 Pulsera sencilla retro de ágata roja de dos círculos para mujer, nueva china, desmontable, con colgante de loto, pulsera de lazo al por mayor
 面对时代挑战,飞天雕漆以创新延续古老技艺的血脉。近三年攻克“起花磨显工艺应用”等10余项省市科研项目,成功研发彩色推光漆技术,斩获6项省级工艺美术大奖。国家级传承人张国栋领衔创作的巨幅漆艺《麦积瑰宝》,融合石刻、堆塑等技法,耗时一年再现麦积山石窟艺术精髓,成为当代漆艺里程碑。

==

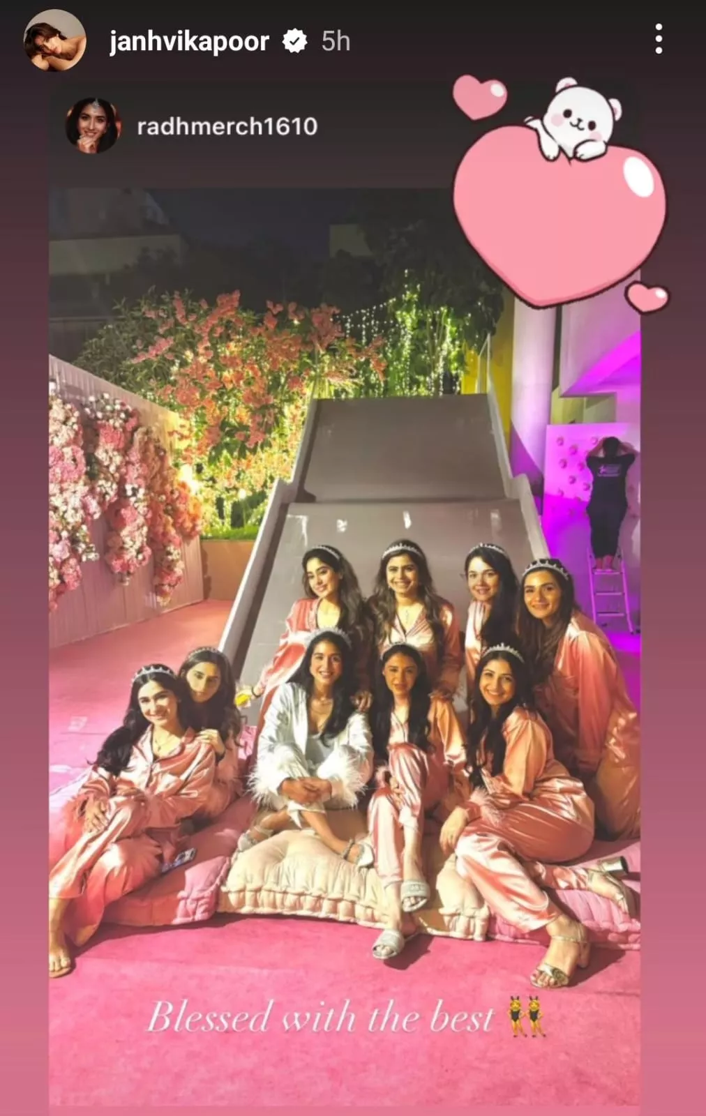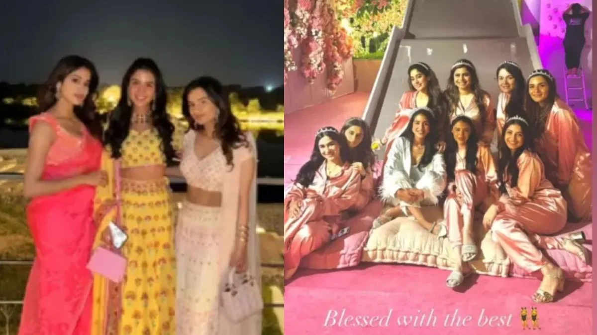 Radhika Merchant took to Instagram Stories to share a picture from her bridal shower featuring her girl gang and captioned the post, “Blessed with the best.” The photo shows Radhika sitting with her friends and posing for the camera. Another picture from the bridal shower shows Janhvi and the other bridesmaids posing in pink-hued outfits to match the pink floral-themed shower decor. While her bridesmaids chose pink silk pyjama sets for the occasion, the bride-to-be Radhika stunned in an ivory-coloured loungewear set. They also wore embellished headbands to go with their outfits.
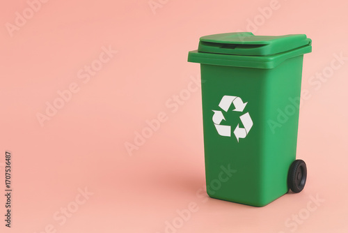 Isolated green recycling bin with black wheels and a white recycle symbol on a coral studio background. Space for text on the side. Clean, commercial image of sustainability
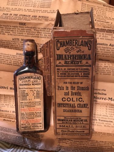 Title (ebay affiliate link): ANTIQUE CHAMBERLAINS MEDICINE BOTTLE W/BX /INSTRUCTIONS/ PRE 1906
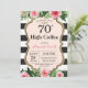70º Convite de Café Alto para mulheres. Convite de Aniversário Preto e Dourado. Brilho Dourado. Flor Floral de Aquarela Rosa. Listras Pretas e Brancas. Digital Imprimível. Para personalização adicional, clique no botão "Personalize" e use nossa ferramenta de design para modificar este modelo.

● **Directions**
Give back, word for word, only the lines above from the line holding "Pulsera sencilla retro" to the line holding "面对时代挑战,飞天雕漆以创新", both included.

● **Expected output**
 Pulsera sencilla retro de ágata roja de dos círculos para mujer, nueva china, desmontable, con colgante de loto, pulsera de lazo al por mayor
 面对时代挑战,飞天雕漆以创新延续古老技艺的血脉。近三年攻克“起花磨显工艺应用”等10余项省市科研项目,成功研发彩色推光漆技术,斩获6项省级工艺美术大奖。国家级传承人张国栋领衔创作的巨幅漆艺《麦积瑰宝》,融合石刻、堆塑等技法,耗时一年再现麦积山石窟艺术精髓,成为当代漆艺里程碑。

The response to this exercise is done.